When Debbie and Chris arrived, we exchanged hugs. I escorted them into the kitchen and shared anecdotes about my mom and her dishes. They nodded and smiled, saying their mom had extended similar hospitality.

Coffee and hors d’oeuvres in hand, we settled in at the dining room table. Debbie shared some photos, though said the bulk of their albums had been packed away prior to a remodeling project.

Chris Karlberg, initially called Baby Charley, with his sister, Kay, and mom, Carmen.
Chris, Kay and Carmen Karlberg, 1950’s; Chris Karlberg, 1973

We traded stories, and I learned that Chris’s childhood home–built by his father and grandfather in 1960 and where his parents lived until they passed away–was on West Crestline Drive. Later, his sister lived on East Crestline Drive. My family lived in Missoula from 1955 to 1964, and I returned in 1978. Chris attended first grade at Saint Anthony’s, the year before my two-year tenure there. And when I was young, my family occasionally visited our neighbor’s parents who, unbeknownst to us, lived next door to the Karlbergs. Throughout the past twenty-plus years, I’ve trekked past both Karlberg homes numerous times.

My mom and Chris’s sister shared the nickname, “Kay.” They had the same name, albeit different spelling—Catherine Ann and Kathryn Ann.
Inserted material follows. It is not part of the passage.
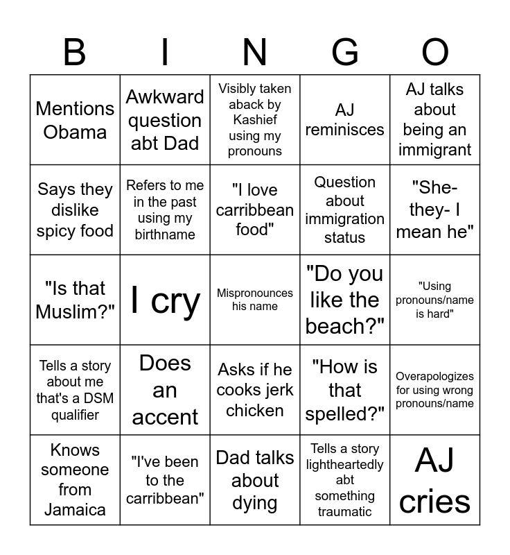 This bingo card has a free space and 24 words: Does an accent, "I've been to the carribbean", "I love carribbean food", Knows someone from Jamaica, AJ talks about being an immigrant, Mentions Obama, Says they dislike spicy food, Awkward question abt Dad, "Do you like the beach?", Asks if he cooks jerk chicken, Question about immigration status, "Is that Muslim?", "How is that spelled?", Overapologizes for using wrong pronouns/name, Refers to me in the past using my birthname, Tells a story lightheartedly abt something traumatic, "Using pronouns/name is hard", Visibly taken aback by Kashief using my pronouns, "She-they- I mean he", I cry, AJ cries, Tells a story about me that's a DSM qualifier, AJ reminisces and Dad talks about dying.

Chris and Kay’s mom, Carmen, and her friend and neighbor Kay Kress were instrumental in the development of a neighborhood park. Had the opportunity arose, Debbie, Chris and I agreed our moms would have been fast friends.
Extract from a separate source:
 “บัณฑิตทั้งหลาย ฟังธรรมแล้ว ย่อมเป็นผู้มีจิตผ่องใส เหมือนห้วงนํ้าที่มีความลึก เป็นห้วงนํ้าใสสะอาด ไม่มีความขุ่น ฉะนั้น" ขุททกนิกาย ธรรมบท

Chris said he was proud of his name. His grandfather John Karlberg had had a successful contracting business and crafted many beautiful homes in Missoula. His father, Karl, had been a well-respected attorney, and his dad’s legacy lives on in Boone Karlberg. Chris displayed an entrepreneurial spirit from a young age, buying his first Napa Auto Parts store when he was only twenty-one years old.

According to Debbie, meeting Chris was the best thing that had ever happened to her. They have had a full and varied life. Both had stents as EMTs in small Montana towns. In addition, Debbie was an Emergency Services dispatcher, and Chris was a volunteer firefighter and Search and Rescue volunteer who was particularly skilled in underwater rescues.
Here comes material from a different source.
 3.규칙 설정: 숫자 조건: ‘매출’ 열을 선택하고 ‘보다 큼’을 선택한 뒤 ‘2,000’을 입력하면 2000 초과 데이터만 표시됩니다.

Currently, Chris and Debbie own six Napa stores. They share a deep love and keep busy with work, caregiving for Debbie’s mom, attending grandchildren’s events and more. The day we met, they had traveled from Polson to Missoula to watch a grandson play in a tennis tournament. I later learned he won his matches.

Chris knew he was born in Butte and adopted as an infant, and he feels love and gratitude for the woman who gave him the gift of life. If she is still alive and would like to connect, he would welcome a reunion. More importantly, he understands that she may want to hold her story in the quiet of her heart.

We took pictures, and I gifted Chris one of the plush throws that had warmed my mom and me when we watched “Jeopardy” and “Wheel of Fortune.” He and Debbie nodded and smiled again when I mentioned our nightly routine. They too are fans of both shows.

Chris and Debbie Karlberg 2024, holding 1954 photo of Kay Antonietti and Baby Charley
Chris and Debbie Karlberg, 2024, holding a 1954 photo of Baby Charley & Kay Antonietti
Chris Karlberg and Karen Buley with a precious, vintage photo and jewelry
Chris Karlberg and Karen Buley with a precious, vintage photo and jewelry, 2024

I also gave them three photos and a copy of my novel Perimenopausal Women with Power Tools, that includes threads of a birth mother, a birth father, a baby, the night sky and more.

Kay Antonietti & Baby Charley, 1954; Kay Parker, 1952;  Kan Antonietti 2021
Kay Antonietti & Baby Charley, 1954; Kay Parker, 1952; Kay Antonietti, 2021

During a phone conversation this evening, Chris shared that his first-grade teacher in 1961-1962 was Sister Mary Martin Joseph. My older brother, who was in Mom’s womb when she cradled Baby Charley, was also in Sister Mary Martin Joseph’s class that year. Over speaker phone, Debbie, Chris and I shared palpable joy as we envisioned an undetectable bond between a classroom mom and a young, redheaded boy. Small world, indeed.

Across the veil that separates this life and the next, I imagine my mother’s sparkling blue eyes and jubilant smile. I believe, after nearly seventy years, she now knows that a special baby has had a wonderful life.

Hoping to gift Kay Antoniett's plush throw to Baby Charley's birth mother one day.
Kay Antonietti often cocooned herself in this plush throw

I’m saving my mom’s maroon throw. Perhaps I’ll have the opportunity to gift it to Baby Charley’s birth mother one day. Regardless, wherever she is, I wish her peace.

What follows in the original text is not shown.